Drafting Legislative Counsel Digests
The Legislative Counsel’s Digest summarizes the effects of the proposed bill on current law
By Chris Micheli, January 26, 2023 9:18 am
The purpose of the Legislative Counsel’s Digest, according to the Office of Legislative Counsel, is to summarize the effect of the proposed bill on current law. It is obviously prepared by the Office of Legislative Counsel and provides a brief summary of the changes the proposed bill would make to current law. The Digest is found in the beginning of each bill.
The following is an example from a recently introduced bill in the 2023 Legislative Session:
LEGISLATIVE COUNSEL’S DIGEST
SB 71, as introduced, Umberg. Jurisdiction: small claims and limited civil case.
Existing law provides that the small claims court has jurisdiction over actions seeking certain forms of relief, including money damages in specified amounts and claims brought by natural persons, not exceeding $10,000, except as specified.
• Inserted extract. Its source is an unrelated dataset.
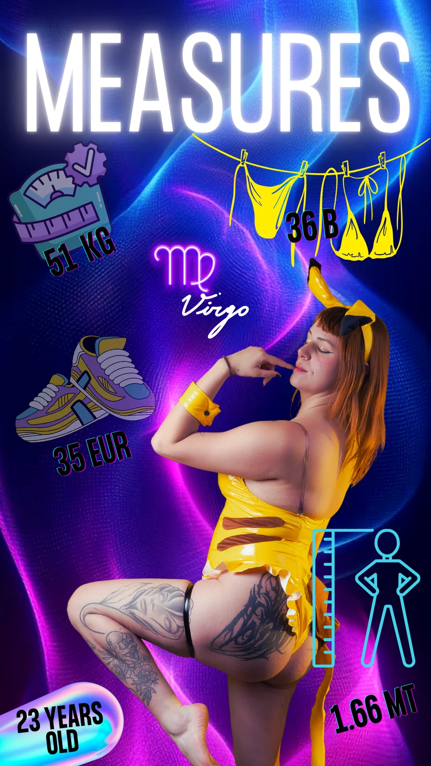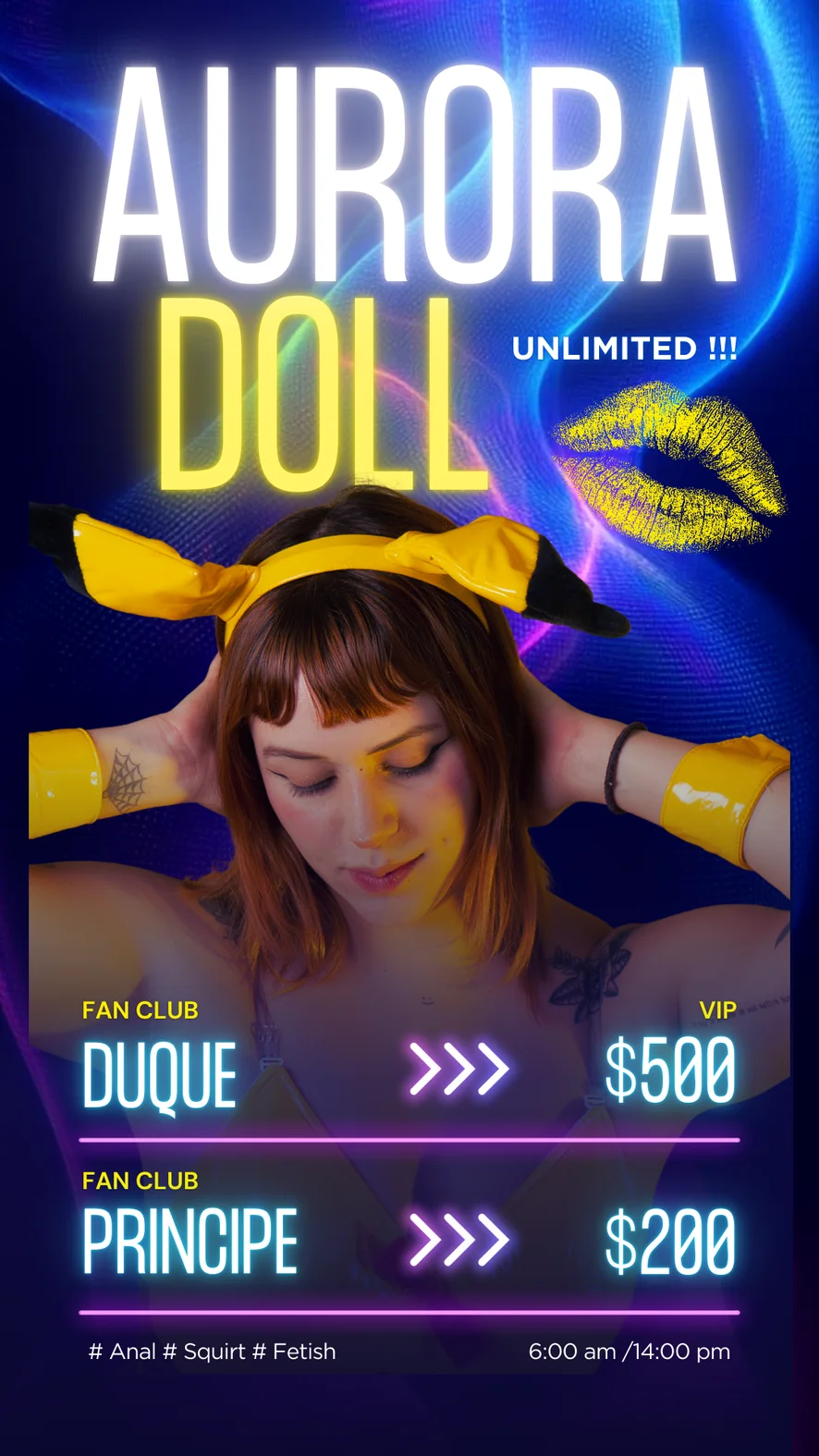 도기 스타일, 아헤가오, 스팽킹, 에로틱 댄스, 카멜토우, 가죽, 핑거링, 딜도 또는 바이브레이터, 음란한 대화, 샤워, 스트립쇼, 풋 페티시, 자위, 애널 기구, 젖치기, 요가, 젖소, 트월킹, 상의탈의, 하이힐, 분수, 오일 쇼, 하드코어, 69자세, 패깅, 핸드잡, 오르가즘, 오피스, 애널, 굴욕, 페이셜, 플래싱, 스모킹, 딥스로트, 자위행위 지침, 롤플레이, 섹스 기구, 니플 기구, 블로우잡, 재갈, 크림파이, 더블 페네트레이션, 페이스씨팅, 피스팅, 엉덩이에서 입까지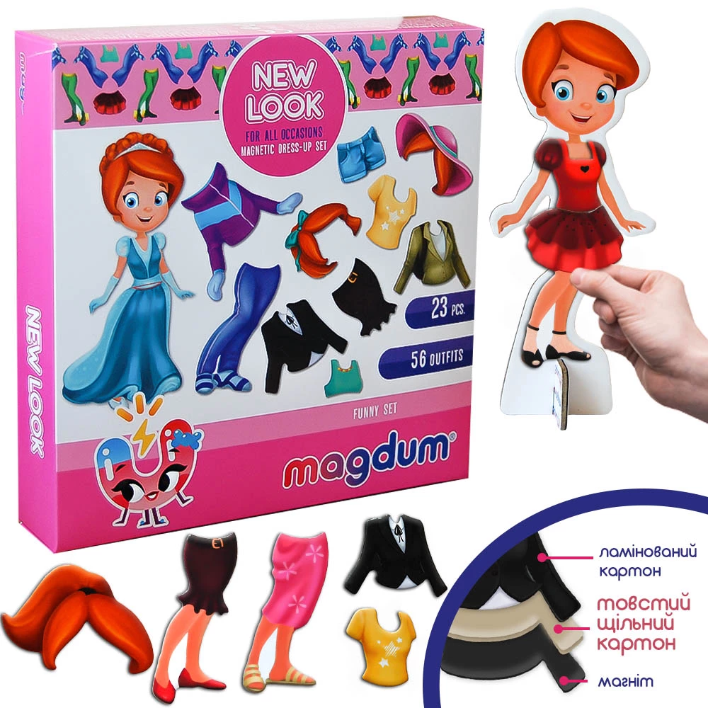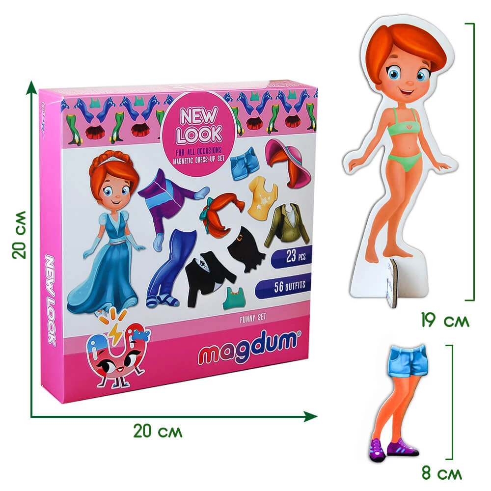 У гарній коробці ви знайдете 23 магніти, за допомогою яких можна створити 56 різних образів. Просто комбінуйте спідниці, кофточки, штани та зачіски.

Existing law requires an action or special proceeding to be treated as a limited civil case if certain conditions exist, including, among others, that the amount in controversy does not exceed $25,000.
This bill would increase the small claims court jurisdiction over actions brought by a natural person, if the amount does not exceed $25,000, except as specified, and would also increase the amount in controversy permitted in other specified actions within the jurisdiction of the small claims court. The bill would increase the limit on the amount in controversy for an action or special proceeding to be treated as a limited civil case to $100,000. The bill would also make technical, nonsubstantive changes to these provisions and make conforming changes.
Vote: majority Appropriation: no Fiscal Committee: yes Local Program: no
As a reader can see, the first item in the Digest is the subject line, which includes the bill number, whether it is the introduced or an amended version, the lead author’s name, and the subject of the bill.
Second is the summary of existing law (which always begins: “Existing law provides….”), following in the next paragraph with the summary of what the bill does to current law (which always begins: “This bill would…”).
Third are the four Digest Keys, which set forth the vote requirements, whether the bill contains an appropriation, whether the bill is to be rereferred to the fiscal committee, and whether the bill imposes a state-mandated local program.
In terms of the explanation of current law and the bill’s proposed changes to existing law, all of those provisions are written by the drafting attorney at the Office of Legislative Counsel who handles the bill. And, these two summaries (of existing law and what the bill proposes to do) are based upon current statutes and the bill language.
In other words, the Legislative Counsel drafting attorney basically has the citations, if you will, to existing law and the bill’s provisions to justify each of the statements found in the Digest to ensure its accuracy.